Voices in Focus: FDNY Exam Draws Record Number of Minorities, Women

There was plenty to choose from in the ethnic and community press this morning:

* As we have noted at Voices of NY, the Jewish Daily Forward has waged a protracted battle with the Brooklyn District Attorney’s office over its blanket refusal to name ultra-Orthodox suspects in sex abuse cases or release other information on such cases. The newspaper has filed Freedom of Information Act requests and, along with The Jewish Week, has detailed efforts to extract information in individual cases.
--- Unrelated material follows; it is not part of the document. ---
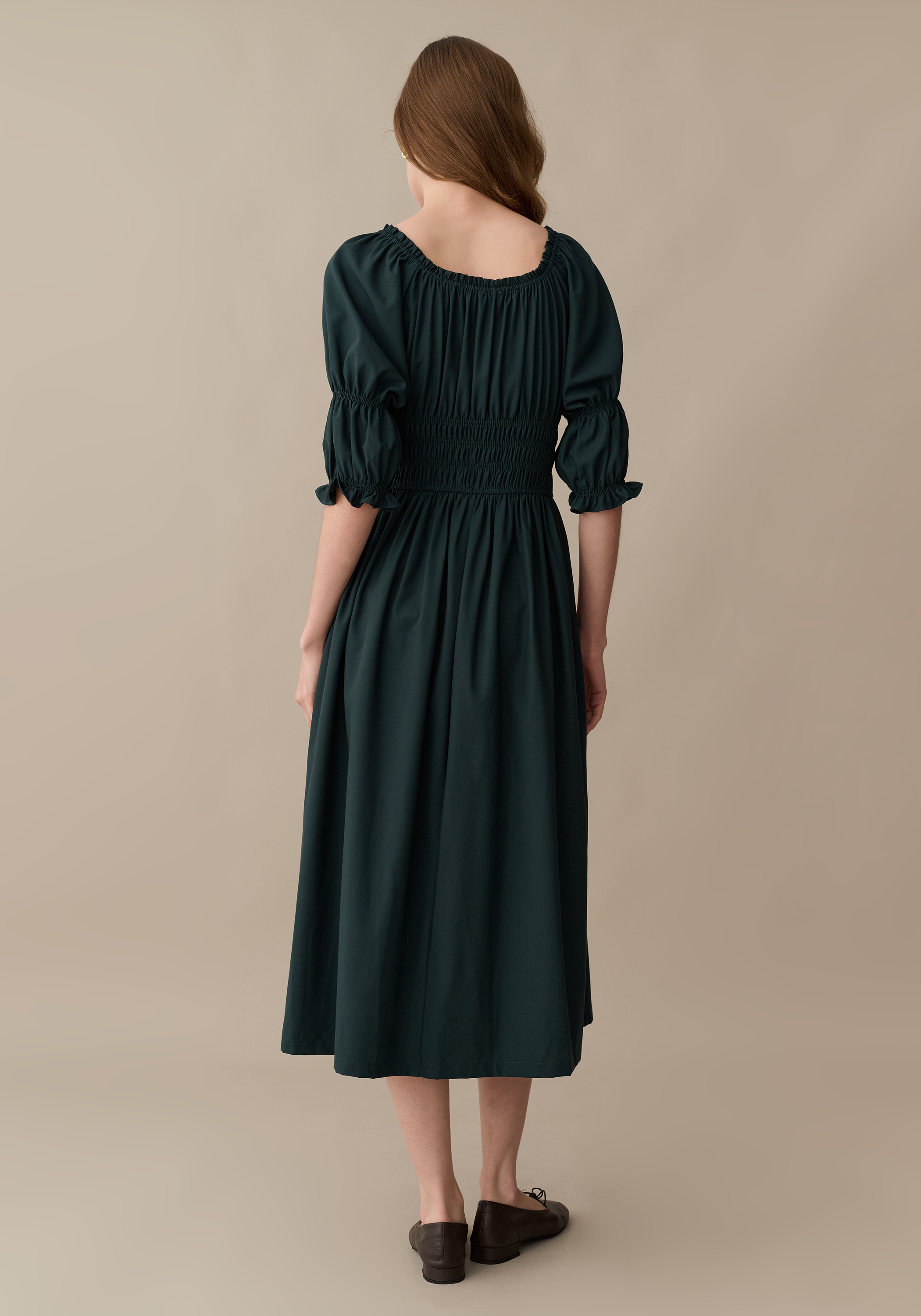 The Marguerite Cotton Dress features a flattering square neckline paired with elegant puff sleeves, creating a timeless silhouette. Its ruched bodice enhances the fit, while a charming tie detail adds a delicate touch.

Today The New York Times dove into the story with a damning report on Brooklyn District Attorney Charles J. Hynes, detailing his deep ties — personal and political — in Brooklyn’s ultra-Orthodox Jewish communities. The article quotes critics who allege that Hynes’ reliance on Hasidic voting blocs has left him beholden to the community’s rabbis, who have suppressed allegations and prosecutions of child sex abuse within Brooklyn’s ultra-Orthodox community.

Today’s Times story follows an article yesterday on the culture of silence around sex abuse in Hasidic communities, and the community’s shunning of those who step forward to report it.

Harlem resident and firefighter Khalid Baylor is one of a crop of non-white new recruits to the FDNY. (Photo by DNAinfo/Jeff Mays)

* DNAinfo reported on the dramatic increase in women and minorities who took the New York City Fire Department’s applicant test last month:

A record-breaking number of women and minorities took the firefighter entrance exam this spring, two years after a judge slammed the FDNY for discrimination.

After the FDNY made court-ordered changes to its exam and did an aggressive outreach campaign, 19,260 people of color took the firefighter test this spring, a 130 percent increase since the last time the exam was offered in 2007, the FDNY said.

And 1,952 women took the firefighting test as well — which is more than the total number of women who took the previous three FDNY tests combined.

El Diario La Prensa applauded these numbers in an editorial declaring that “where there’s a will, there is diversity.”

This overdue positive steps is the first phase of reform. The historically white-male dominated FDNY has long failed to reflect the diversity of this city. Currently, out of New York’s 10,000 firefighters, 6% are Hispanic. New York’s Latino population is at 30%.

This year’s pool of applicants should shut down the myth that minority groups are not interested in joining the FDNY.

The editorial warned, however, that recruitment is just the first step — hiring comes next.

Since there are only 3,500 open positions, New Yorkers will be closely watching the selection process and waiting to hear how many of the new firefighters come from the communities long sidelined from firefighting.

Bernard Gassaway, principal of Boys and Girls High School in Bed-Stuy. (Photo by Adi Talwar)

* City Limits’ Brooklyn Bureau profiled Bernard Gassaway, principal of Boys and Girls High School in Bedford-Stuyvesant, Brooklyn, on his efforts to turn around the troubled school by creating a family-like atmosphere — even as his own family has fallen apart.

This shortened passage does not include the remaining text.